Morris and McDuff want to use Pavlov's technique to deter use of Facebook, which they characterize as "addictive by design." Facebook, they say, is designed to promote engagement, but not well-being.

To mitigate Facebook's addictiveness, the pair created an Arduino-based keyboard hand-rest that shocks computer users who spend too much time checking the social network.

This is not without precedent: Last year, a man hired a woman to slap him when he procrastinated online. Thanks to Morris and McDuff, technology has made yet another job obsolete.

The two MIT students designed their project to keep themselves away from Facebook while they finish their dissertations, but presumably the device could be altered to punish over-reliance on Google or any other website.

The effectiveness of this approach remains open to question. It turns out the device imparts enough of a shock that its inventors were not keen to test their creation very extensively.

"Sadly, we found the shocks so aversive, we removed the device pretty quickly after installing it," Morris explained in a blog post. "Anecdotally, however, I did notice a significant, though temporary, reduction in my Facebook usage."

Morris says that he's no longer "dragged [to Facebook] by some mysterious Ouija-esque compulsion."

Pavlov Poke also provides a way to reduce Facebook dependence that doesn't involve physical abuse: emotional abuse. Instead of a shock, the system can be configured to respond to excessive social networking with scolding telephone calls, courtesy of Amazon.com's on-demand labor service Mechanical Turk.
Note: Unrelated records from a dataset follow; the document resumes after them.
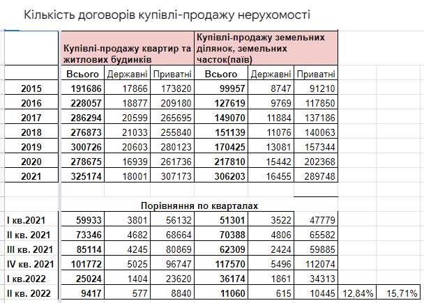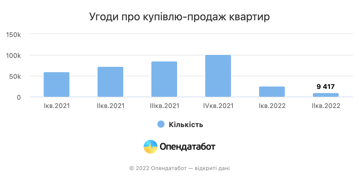 У другому кварталі 2022 року нотаріуси оформили угоди купівлі-продажу 20 477 об'єктів нерухомості. Це у 8 разів менше, ніж до війни. А у порівнянні з минулорічними показниками становить лише 13%.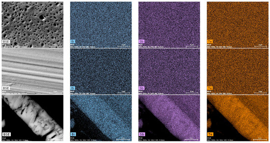 Backscattered electron (BSE) images and corresponding X-ray elemental mappings of: (top line) the free surface; (middle line) the contact surface; and (bottom line) the cross-section of a Bi0.48Sb1.52Te3 ribbon.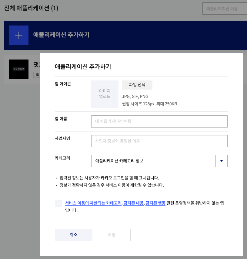 카카오톡 공유는 카카오 개발자 사이트에 등록해야 가능하다.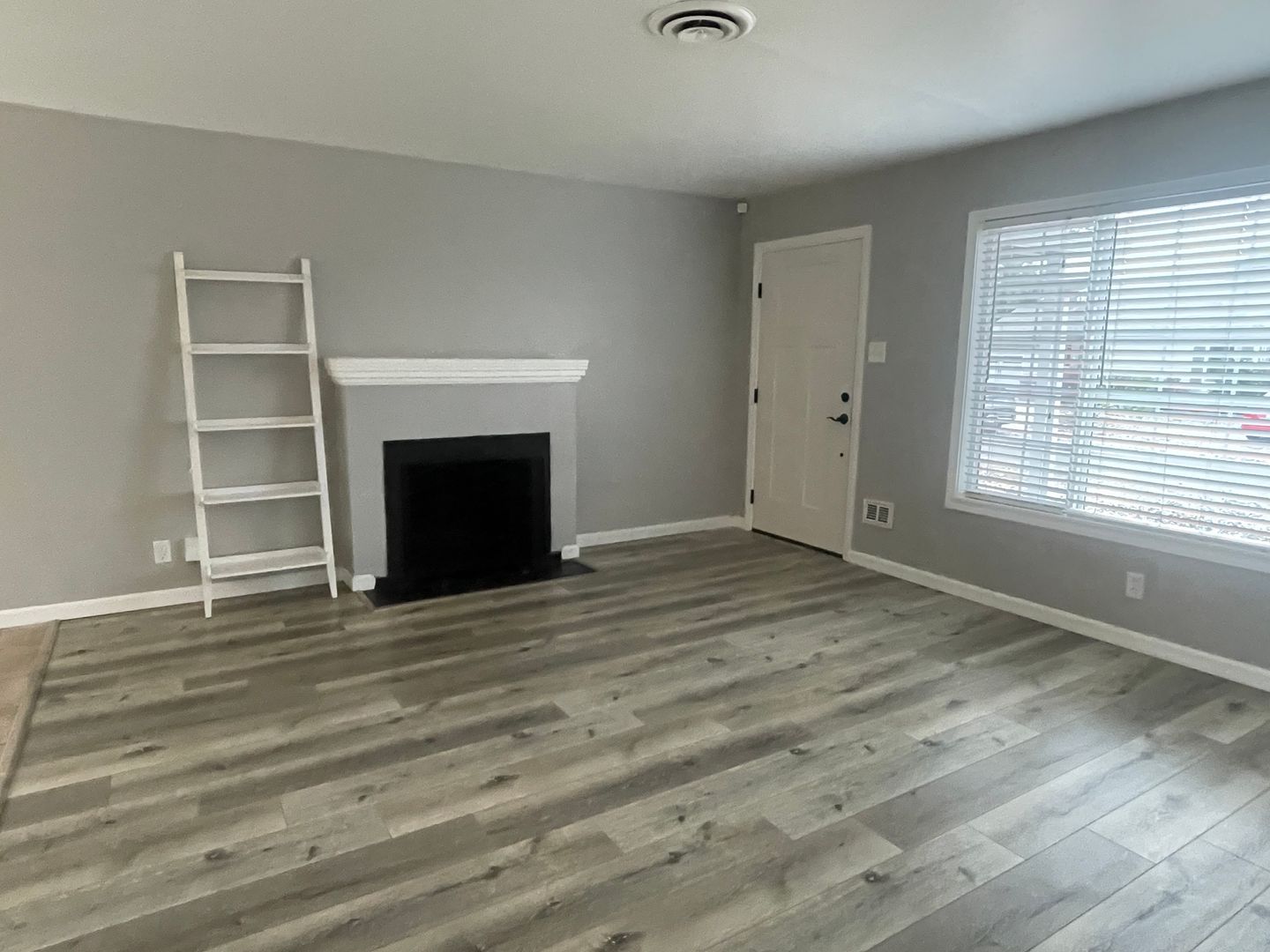 The interior features neutral paint tones, updated flooring throughout, and abundant natural light. The living and dining areas feel open and inviting, with a cozy fireplace as a focal point. Large windows and sliding glass doors connect the living space to the backyard, creating an easy transition for everyday living or entertaining.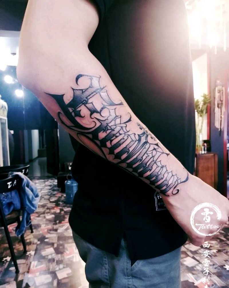 当前位置: 首页 >陕西省西安市纹身店-刺青工作室纹身图案>花体字纹身图片_手臂纹身图案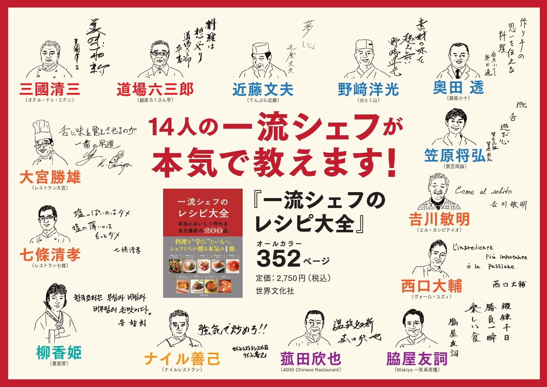道場六三郎さんをはじめ、料理界のレジェンド14人が贈る永久保存の200品。『一流シェフのレシピ大全』刊行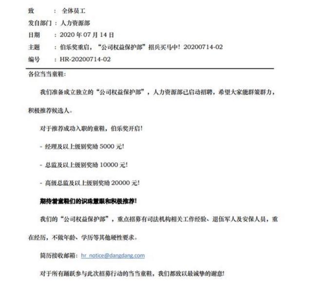 7月17日,一份噹噹網內部郵件在網上流傳。據該內部郵件顯示,噹噹已經成立了獨立的權益保護部,以防範李國慶行政拘留期滿後擾亂公司正常工作秩序的可能。該部門將重點招募有司法機構相關工作經驗、退伍軍人及安保人員,重在經歷,不做年齡、學歷等其他硬性要求。推薦入職還會給員工獎勵。對此,噹噹內部工作人員確認了上述內部郵件的真實性。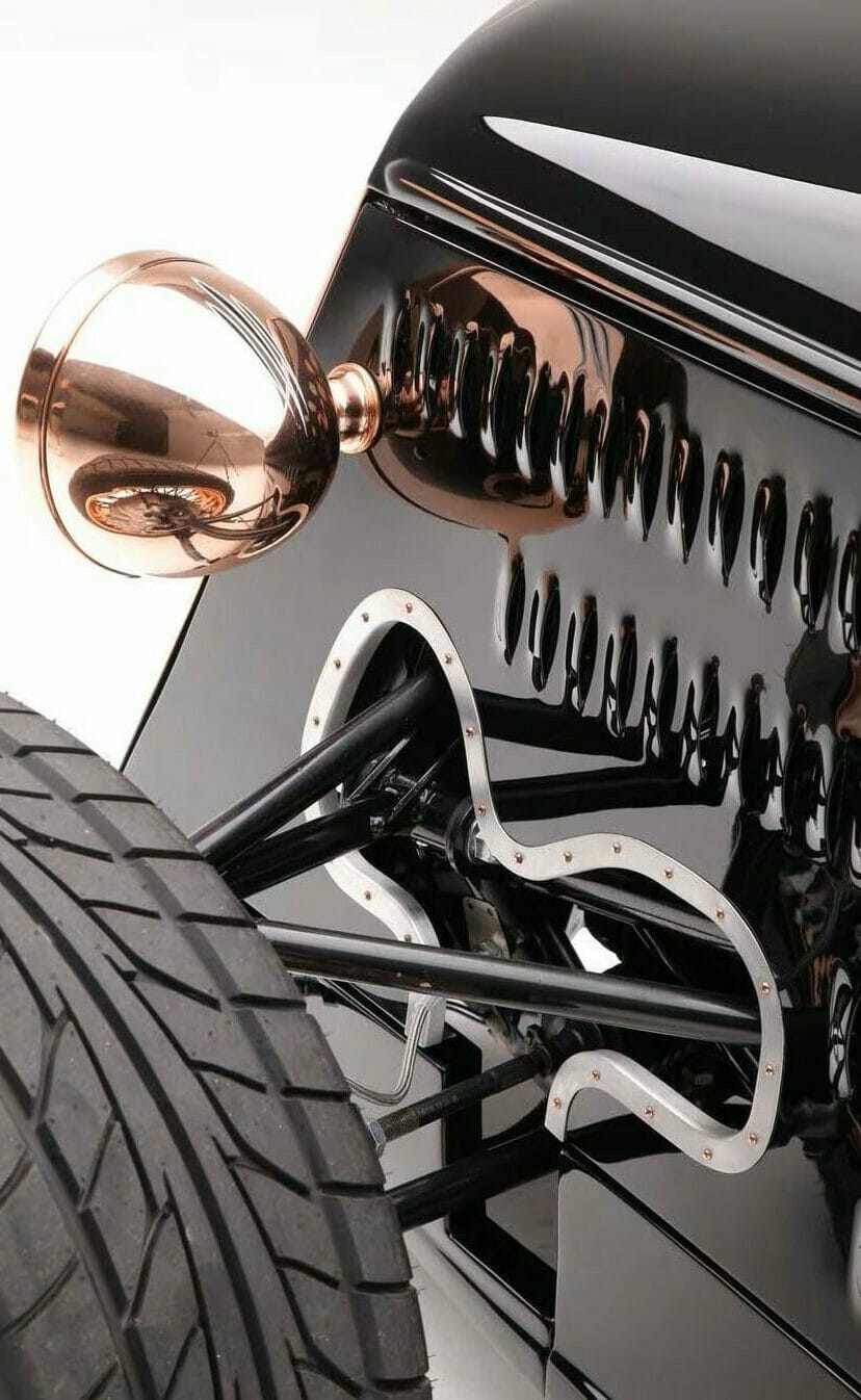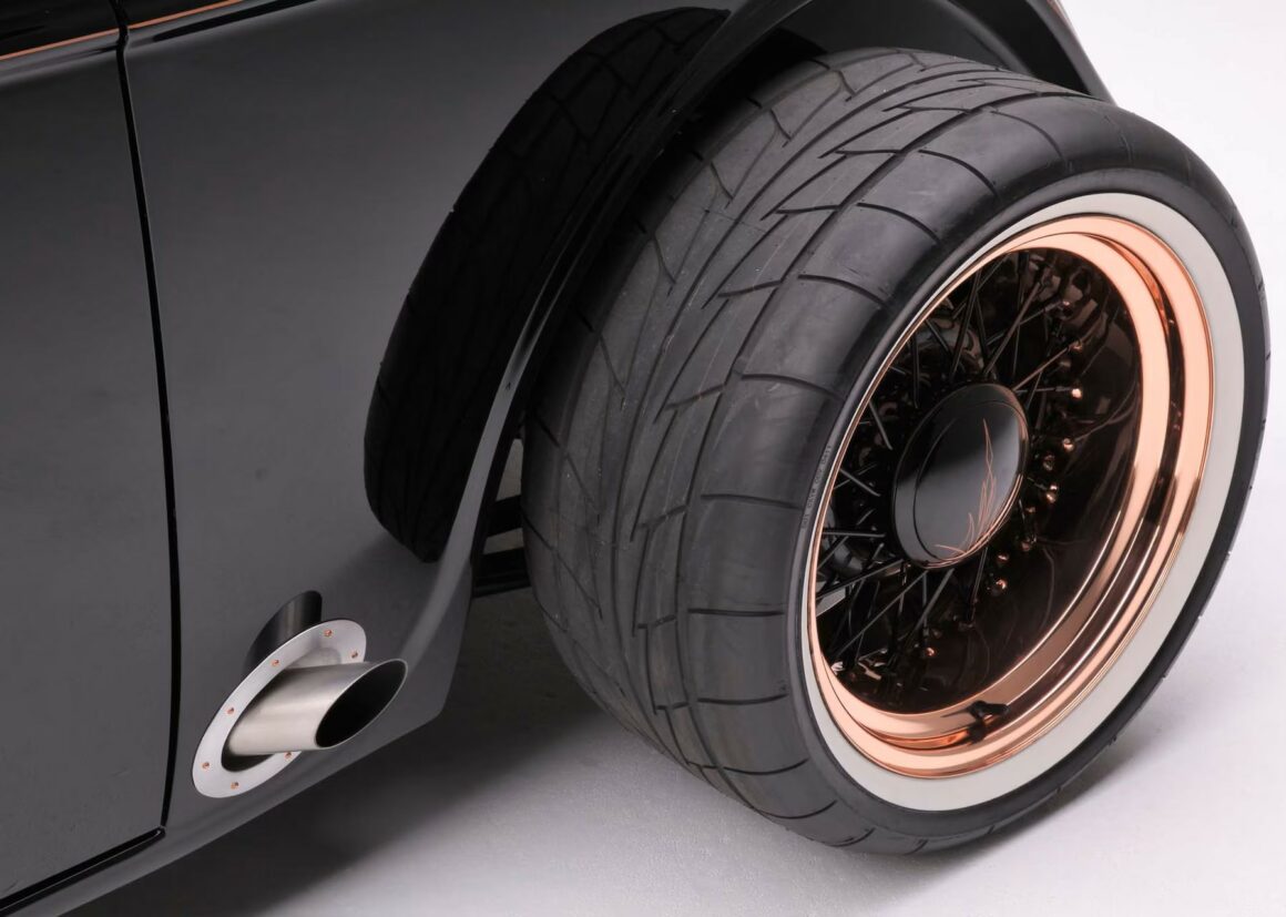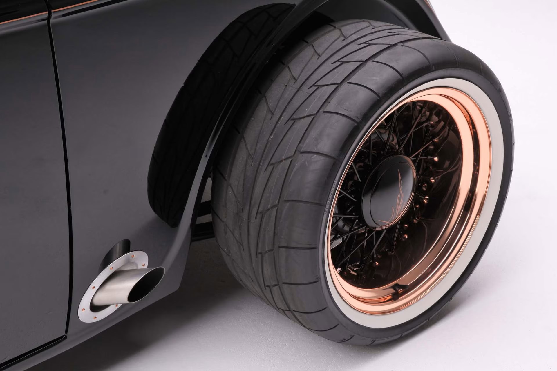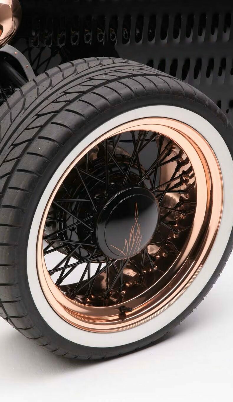 C’est “Wheelsmith” qui a été chargé de fabriquer les jantes à rayons spécifiques en 18×8 et 18×12, qui ont été cuivrées et enveloppées de pneus à flancs blancs “Nitto” NT555. Le châssis FFR permet d’utiliser la plupart des groupes motopropulseurs Ford, et ce Hot Rod Steampunk est propulsé par un V8 460ci de 510cv travaillé par “Peters Racing” situé à Lakeport, en Californie. Le big-block V8 a été mis à niveau avec une vilebrequin forgé “Scat” en 4,150po, des tiges de culbuteurs “Scat” forgées, des pistons forgés “JE” de 4,390po (10:1) et un arbre à cames à rouleaux hydraulique “COMP”... Au sommet, un système d’injection de marque “Imagine” alimente une paire de têtes de soupapes en aluminium “Edelbrock” le tout alimenté par des carburateurs 4 corps Weber.
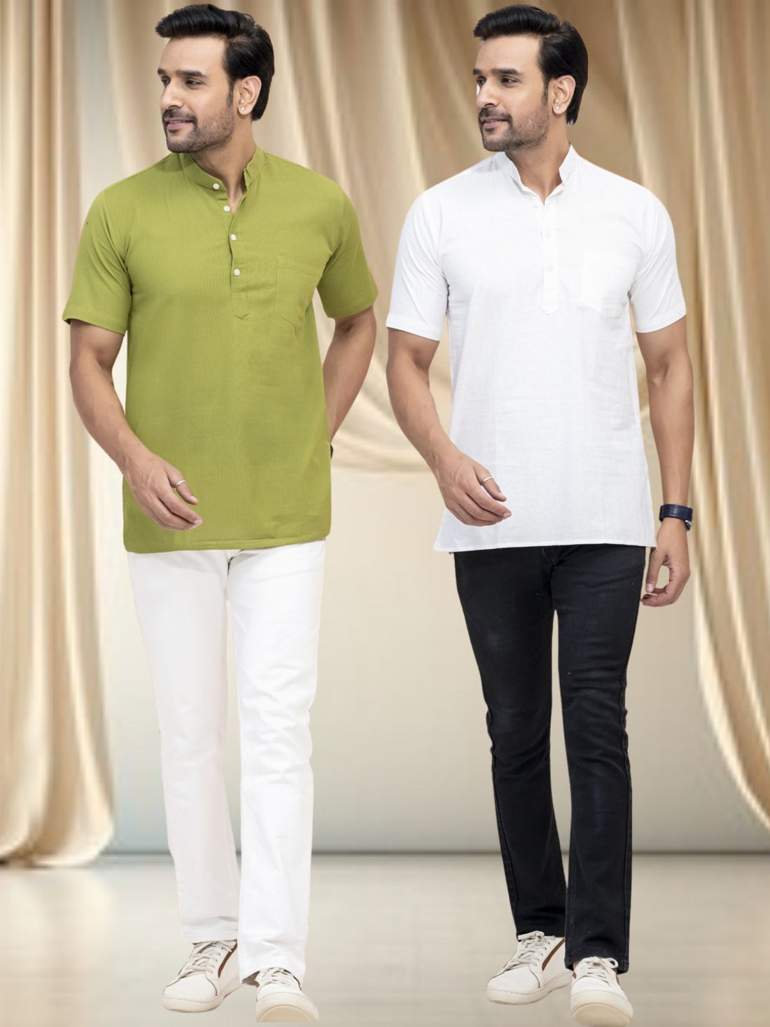 Pack Of 2 Mens Olive Green And White Cotton Short Kurta Combo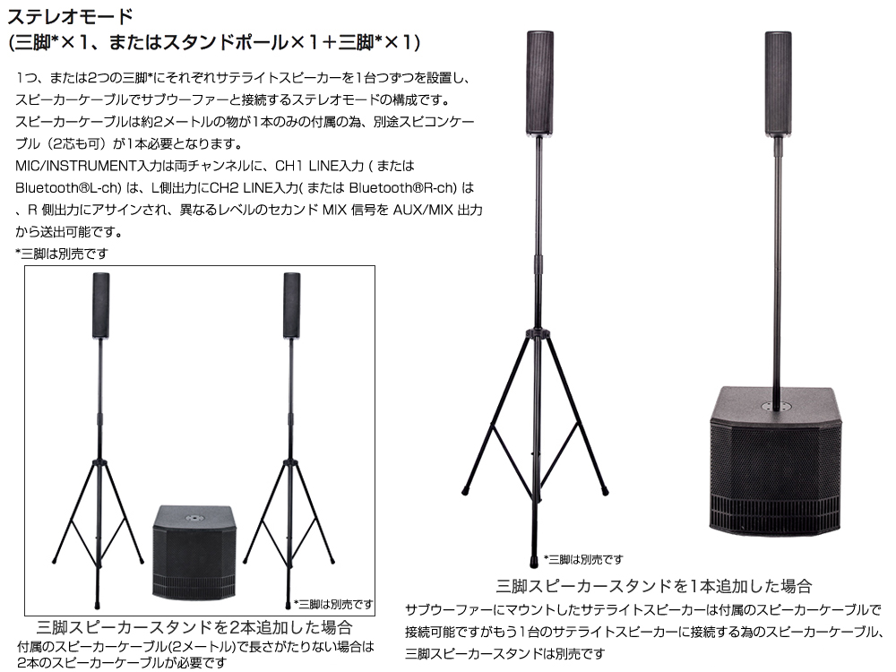 ※ステレオモードには別売りの専用スタンド、スピーカーケーブルが必要です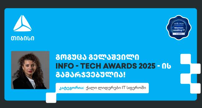 თიბისის პლატფორმული სისტემების ლიგის ლიდერი – გოგუცა გელაშვილი The Info-Tech Awards-ის გამარჯვებულია. მან ეს პრესტიჟული ჯილდო კატეგორიაში – ქალი ლიდერები IT სფეროში მიიღო.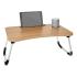 Praktický stolík na notebook, ktorý sa bude hodiť do každej domácnosti. Každý používateľ notebooku určite potvrdí, že toto zariadenie nepoužívame vždy na stole, ale využívame jeho mobilitu a kladieme ho na kolená, na posteľ, na pohovku atď. Pohodlný a stabilný stojan na počítač zaisťuje, že môžeme zariadenie používať pohodlne, bezpečne stojí a neprevrhne sa. Chráni tiež zariadenie pred prehriatím (napr. keď je na deke, posteľnej bielizni alebo pohovke).Čo si zaslúži pozornosť, je nepochybne veľmi atraktívny dizajn, ktorý má tento stolík na notebook. Je elegantný a moderný, pričom je ergonomický a efektívny, aby sa ľahko používal.S týmto praktickým stolíkom na notebook môžete pohodlne pracovať v akomkoľvek prostredí. Môže byť umiestnený na posteli, stole alebo dokonca na pracovnom stole, vďaka čomu je používanie notebooku oveľa pohodlnejšie.Stolík sa veľmi zíde aj pri používaní tabletu, pretože má špeciálne miesto, kde je možné tento typ zariadenia bezpečne umiestniť zvisle.Stojan na notebook má navyše veľmi praktický priestor na pohár. Má špeciálny otvor, ktorý chráni pred náhodným dotykom a vyliatím kvapaliny na zariadenie.Stojan na notebook má možnosť sklopenia nôh, čo je veľmi užitočné, keď sa nepoužíva, pretože zaberá málo miesta a dá sa ľahko skryť.Parametre:Materiál: plast, hliníkProtišmykové nožičky Rozmery: 28/60/40 cm Hmotnosť: 2 kg iso 00014199
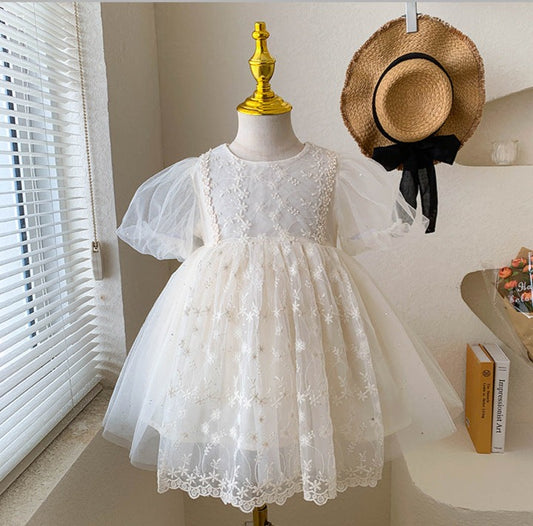 Vestido infantil con tul de encaje + diadema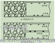 A矿井下通风原设计采用U型通风方式,但这种通风方式在A矿的生产实际使用中存在诸多不足,例如上隅角涡流无法彻底消失、回采面作业环境差、采空区漏风量大、双煤巷布设方式不便于瓦斯抽采等。针对这些存在的问题,设计选用W型通风方式对原有通风系统进行优化改良。W型通风为一进两回或两进一回通风系统,具有通风阻力小、漏风量少、可有效抑制瓦斯涌出等优点。图1即为优化前后两种通风方式示意图。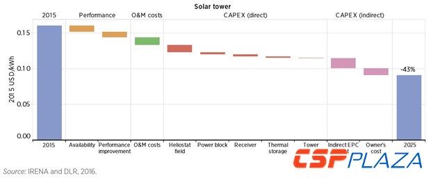 圖:塔式光熱電站2025年之前的成本下降曲線(數(shù)據(jù)來自IRENA 2016年發(fā)布的報告)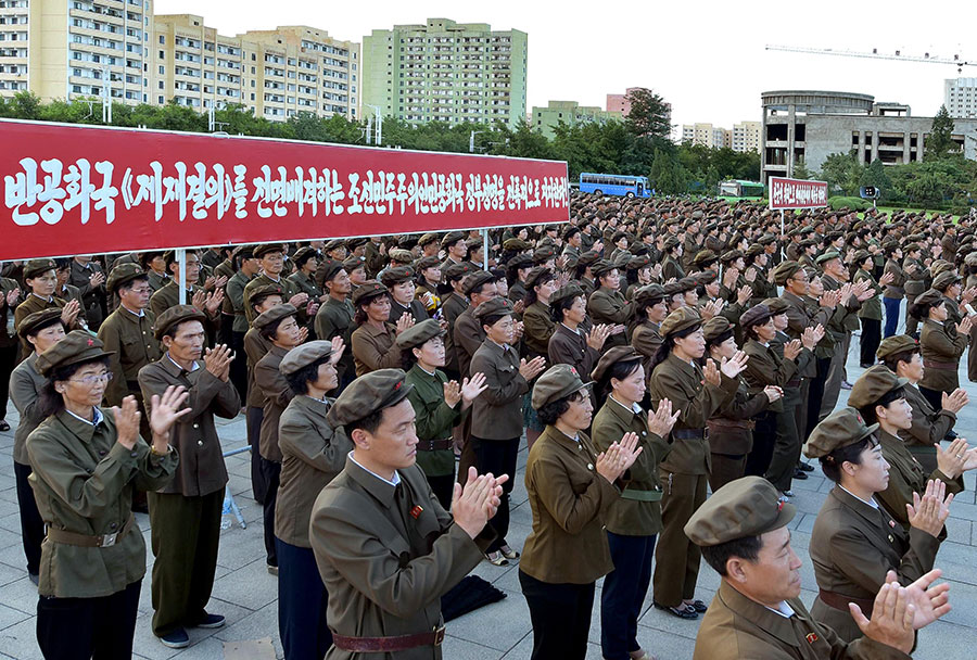 Řečníci uvedli, že přístup KLDR k nejsilnějším atomovým bombám a raketám je legitimním krokem pro sebeobranu k ochraně osudu země a národa a zajištěním práva na nezávislý vývoj, vehementně odsuzujíce imperialisty USA za podněcování lůzy k vymyšlení špatného dokumentu k potlačení suverenity a práva KLDR na existenci a rozvoj.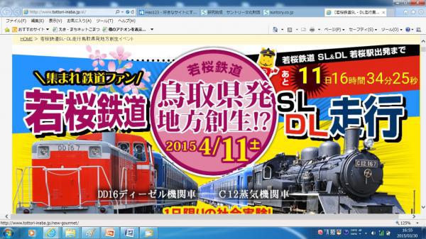 私、江本の友人で、鳥取県若桜鉄道の社長でもある山田和昭さんから、下のようなメールが届きました。鉄道ファン、SLファンのみなさん、是非いってみどごえ〜っ。4月11日にSLを行させて経済効果を試す実験を行います。午前9時30分から正午まで蒸気機関車(C12)、客車(12系)、ディーゼル機関車(DD16)を繋ぎ、若桜駅から八東駅まで1往復させます。各駅でイベントが開催されるほか、日本初の試みとしてSL走行を見学・撮影される方を対象に駐車場・撮影場所を提供し、SL走行の経済効果を検証します。除幕式には石破地方創生大臣がご臨席され、全国の鉄道会社・公募社長と西日本旅客鉄道米子支社長、「鉄道復権」の宇都宮先生、鉄道文化財の米山先生によるトークイベントも開催されます。行政関係者、観光・旅館・供食・商工・駅を守る会など沿線の皆様による「沿線サポート委員会」が準備を進め、駐車場の空き状況をリアルタイム表示するシステムも提供され、商工会のよびかけで40以上の企業団体が当日参加します。また、協賛企業より広告費用をご提供いただき「列車に向って手を振ろう」とテレビ・新聞などで広告しています。当日は沿線の団体や企業の皆様がSLに向って手を振ります。またスーパーやデパート、ガス会社などの広報媒体でも告知をして頂いていします。県外では全国の三セク鉄道各社、私鉄各社、JR各社、鉄道関係の博物館の皆様、鉄道関連店舗に広報のご協力をいただきました。皆様の応援、本当に嬉しく御礼申し上げます。枕木の交換も無事終了し、踏切開閉のリハーサル、SLやDLの点検と鉄道側の準備も進んでいます。若桜鉄道のSL走行には多数の方々のご参加が望まれます。ぜひお誘い合わせの上、おこしください。また、引き続き江本 様からもこの件を広めていただけますと幸いです。

(So if technology is destroying jobs like "personal slapping assistant," it's also creating new ones like "Facebook-usage harassment caller." That just leaves the issue of job quality.)

McDuff in an email said that Pavlov Poke is an "art/life hack/comedy project meant to promote discussion" rather than an attempt at a viable product. Nonetheless, the fact that there's an abundance of software-based alternatives designed to block access to social networking sites, such as Anti-Social, suggests self-control services have become indispensable as a defense against technology designed to be irresistible. We've entered into a technological arms race against ourselves.